[[ SUPPLIED DATA open ]]
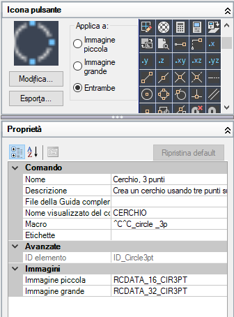 Selezionare un'immagine dall'elenco. Alla proprietà Immagine piccola, Immagine grande o ad entrambe le proprietà del comando selezionato verrà assegnato automaticamente il nome.
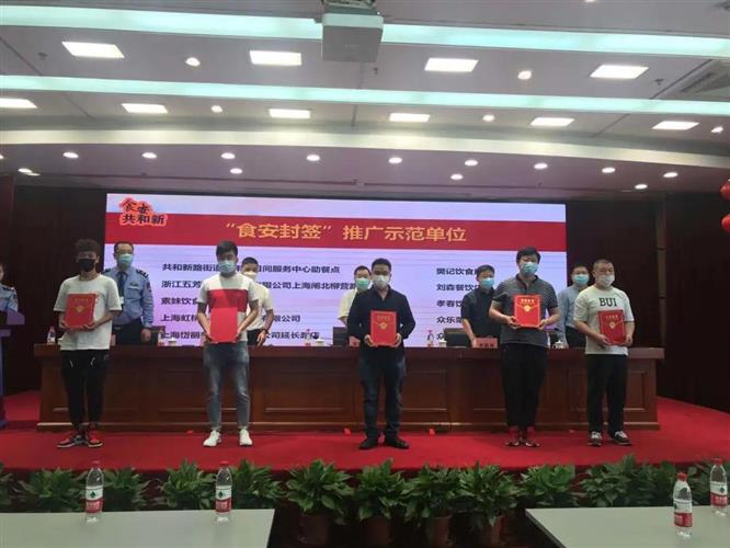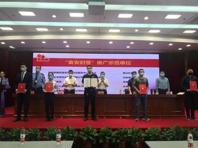 本次会议不仅是一次食品安全宣传活动,更是一次“食安封签”推行成果验收行动,出席的领导、企业以及居民群众们都是验收评委。经过综合考评,共和新路街道评出了10家“食安封签”推广示范单位。
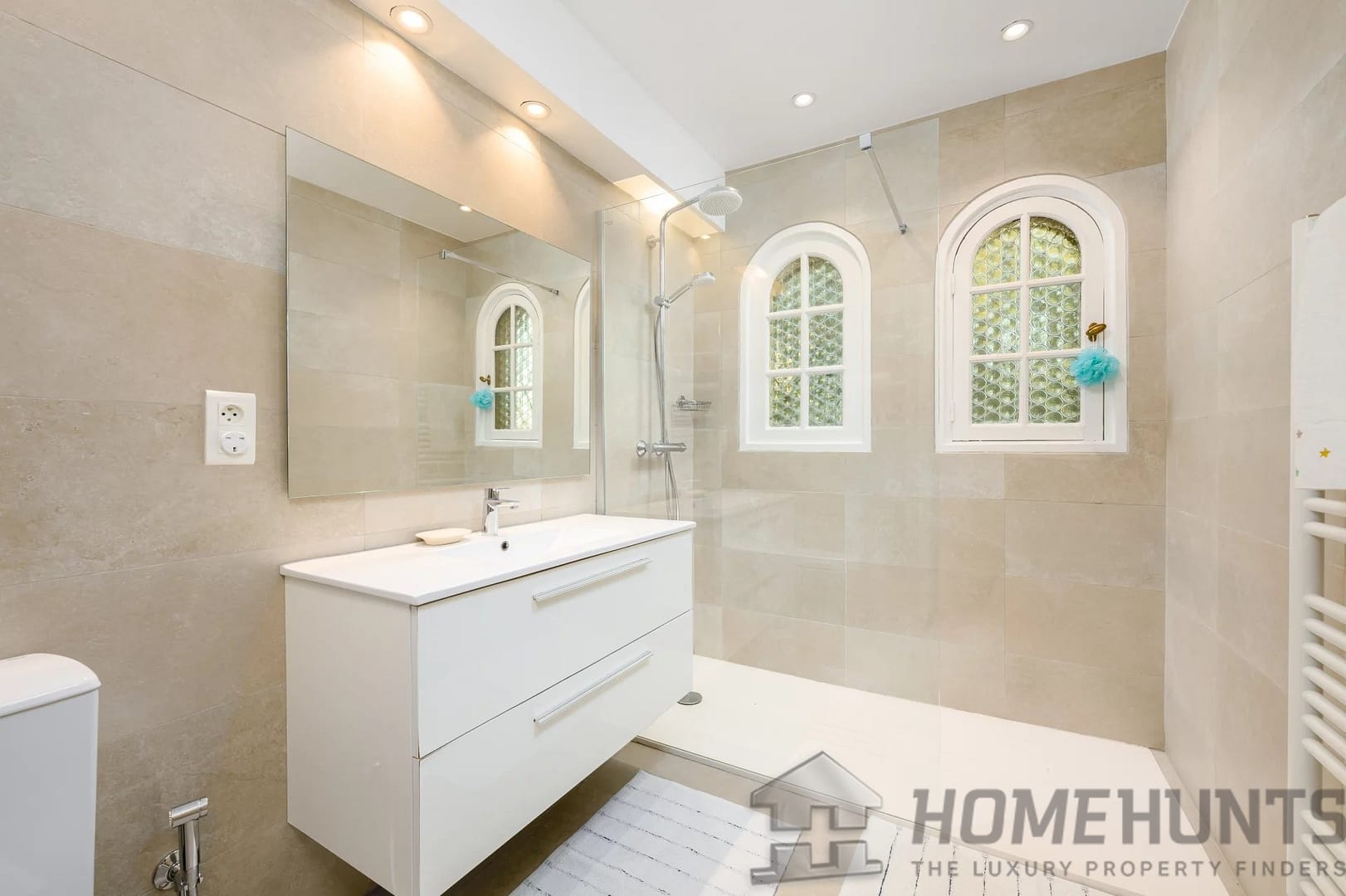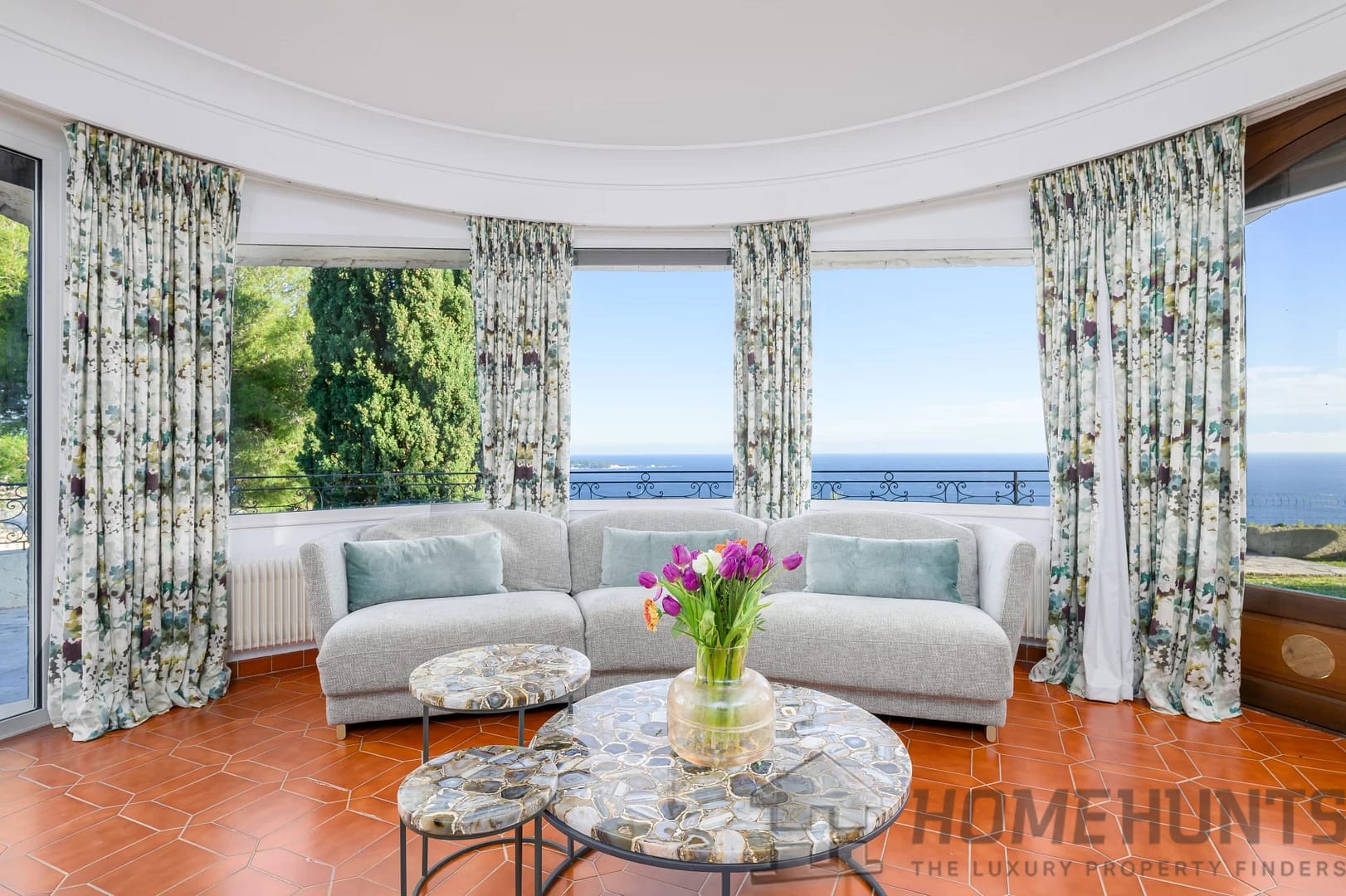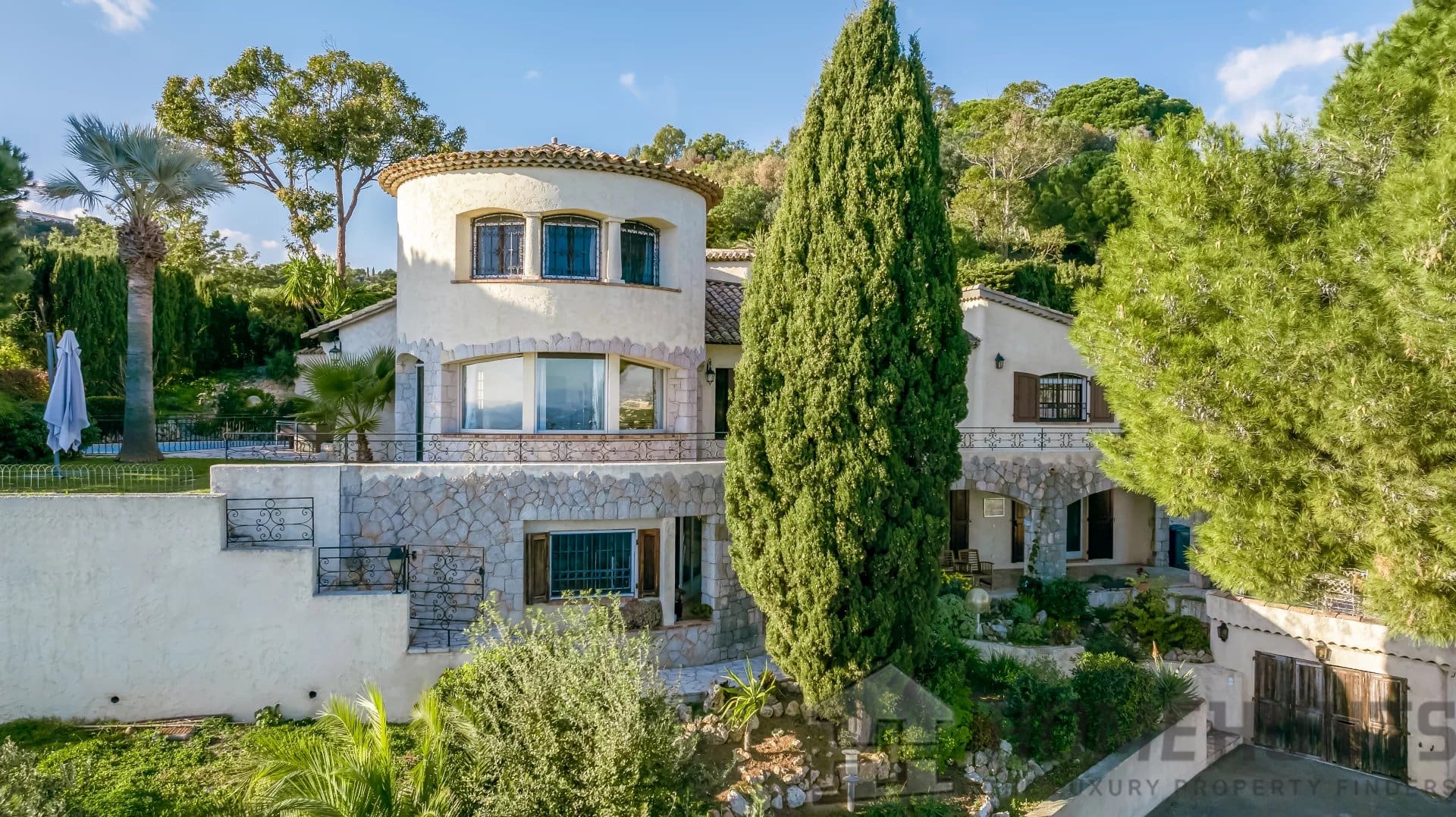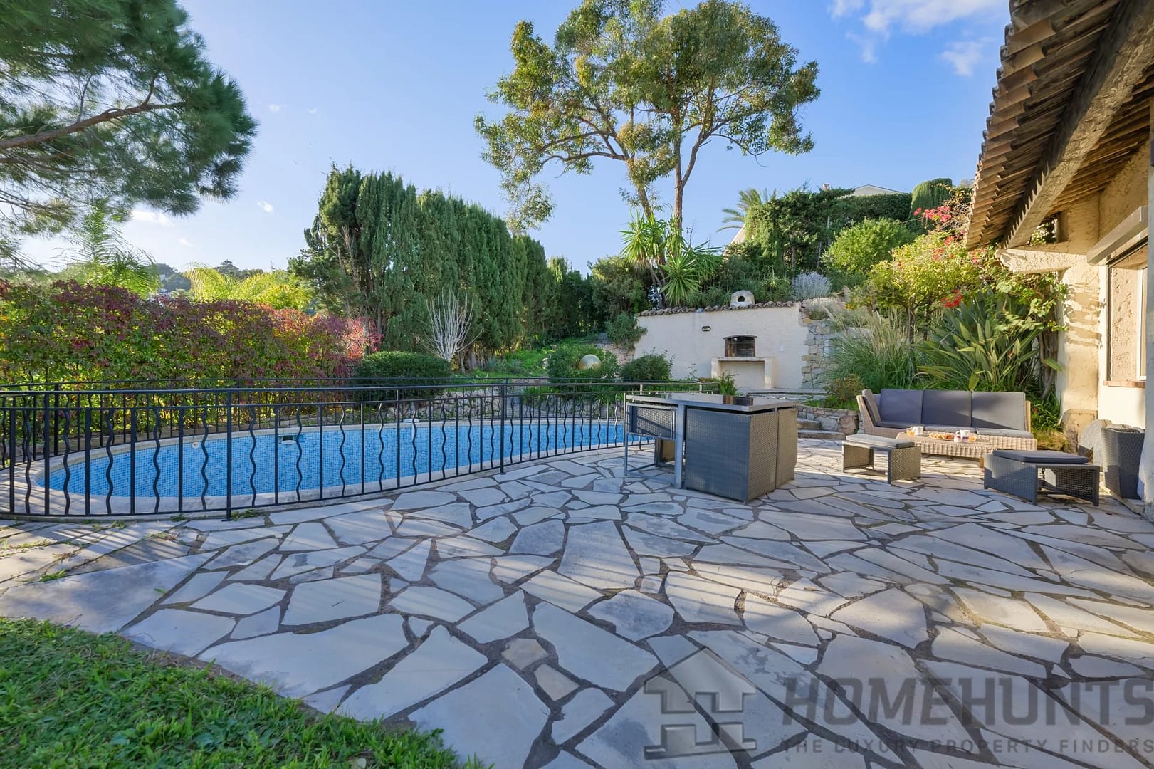 The villa is completely private, offering an extraordinary, unobstructed view of the sea and the Lerins Islands. The property sits on approximately 2,000 m2 of land with a swimming pool and garage.
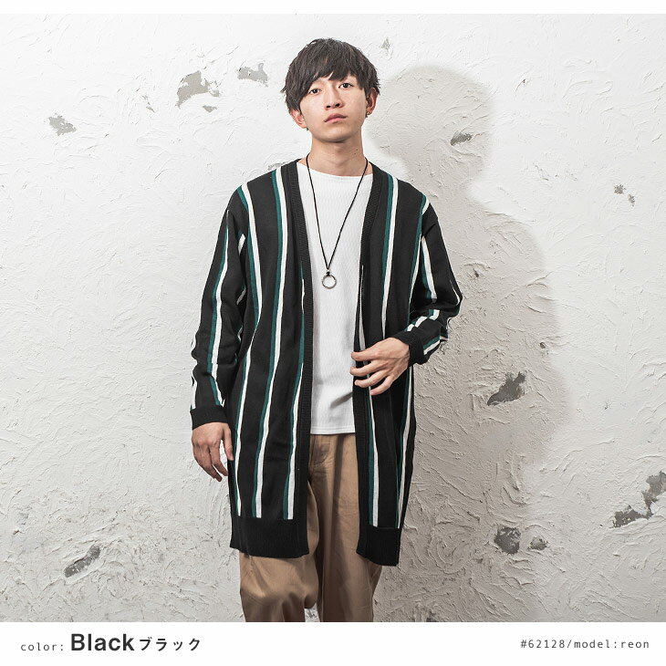 ロングカーディガン メンズ コーディガン カーディガン ロング カーディガン 薄手 ロングカーディガン 麻 長袖 ストライプ 生地 マルチストライプ ロング丈 韓国 ファッション 春服 春 夏服 春夏 モード系
[[ SUPPLIED DATA closed ]]
> [EXERCISE]: Nothing but the lines from the one containing "本次会议不仅是一次食品安全宣" through the end of the listing should be printed, each exactly as it appears and without pictures.

> [SOLUTION BELOW]:
 本次会议不仅是一次食品安全宣传活动,更是一次“食安封签”推行成果验收行动,出席的领导、企业以及居民群众们都是验收评委。经过综合考评,共和新路街道评出了10家“食安封签”推广示范单位。
 The villa is completely private, offering an extraordinary, unobstructed view of the sea and the Lerins Islands. The property sits on approximately 2,000 m2 of land with a swimming pool and garage.
 ロングカーディガン メンズ コーディガン カーディガン ロング カーディガン 薄手 ロングカーディガン 麻 長袖 ストライプ 生地 マルチストライプ ロング丈 韓国 ファッション 春服 春 夏服 春夏 モード系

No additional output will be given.